Israeli psychologist and management scholar (born 1943)

Miriam Erez (born 1943) is an Israeli industrial and organizational (I-O) psychologist and management scholar. She is a professor emerita at the Technion – Israel Institute of Technology, previously serving as dean of the Technion faculty now known as the Faculty of Data and Decision Sciences. Erez received the Israel Prize in management science (2005). In 2023, she was named a recipient of the Society for Industrial and Organizational Psychology's Distinguished Scientific Contributions Award.

== Early life and education ==
Erez was born in 1943. She completed her first degree at the Hebrew University of Jerusalem in psychology and sociology (1965). She later earned an MSc (1969) and a DSc (1972) from the Technion in behavioral sciences and management, with an emphasis on I-O psychology.

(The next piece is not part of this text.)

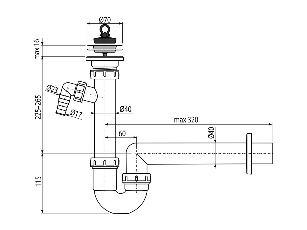 Sifon trubkový s nerezovou mřížkou DN70 a přípojkou

She spent a postdoctoral year in the Department of Psychology at the University of Maryland (1975–1976).

== Academic career ==
Erez joined the Technion’s Faculty of Industrial Engineering and Management (now the Faculty of Data and Decision Sciences), and she served as dean of the faculty from 1996 to 1998. She held visiting appointments and sabbaticals at multiple institutions, including the University of Illinois, the University of California, Berkeley, Nanyang Technological University (Singapore), and Peking University (China).

== Research ==
Erez has conducted research on work motivation, organizational innovation, and cross-cultural differences in organizational behavior.

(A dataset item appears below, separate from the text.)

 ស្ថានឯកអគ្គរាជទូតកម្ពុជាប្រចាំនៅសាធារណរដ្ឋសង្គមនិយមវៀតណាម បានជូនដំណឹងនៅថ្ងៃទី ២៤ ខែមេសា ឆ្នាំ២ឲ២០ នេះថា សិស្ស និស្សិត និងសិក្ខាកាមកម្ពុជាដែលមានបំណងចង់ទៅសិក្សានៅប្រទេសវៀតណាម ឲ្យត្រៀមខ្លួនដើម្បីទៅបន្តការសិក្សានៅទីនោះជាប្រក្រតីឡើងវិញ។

She served as editor of Applied Psychology: An International Review from 1997 to 2003 and has served on journal editorial boards in management and applied psychology. In 2010, she was appointed chair of Israel’s Council for the Promotion of Women in Science and Technology.

== Awards and honors ==
- Israel Prize in management science (2005)
- Distinguished Scientific Contributions Award (Distinguished Scientific Contributions: Miriam Erez), Society for Industrial and Organizational Psychology (2023)

== Selected works ==
- Earley, P. Christopher; Erez, Miriam. Culture, Self-Identity, and Work. Oxford University Press, 1993.
- Earley, P. Christopher; Erez, Miriam. The Transplanted Executive: Why You Need to Understand How Workers in Other Countries See the World Differently. Oxford University Press, 1997.
- Gelfand, Michele J.; Erez, Miriam; Aycan, Zeynep. “Cross-Cultural Organizational Behavior.” Annual Review of Psychology 58 (2007): 479–514.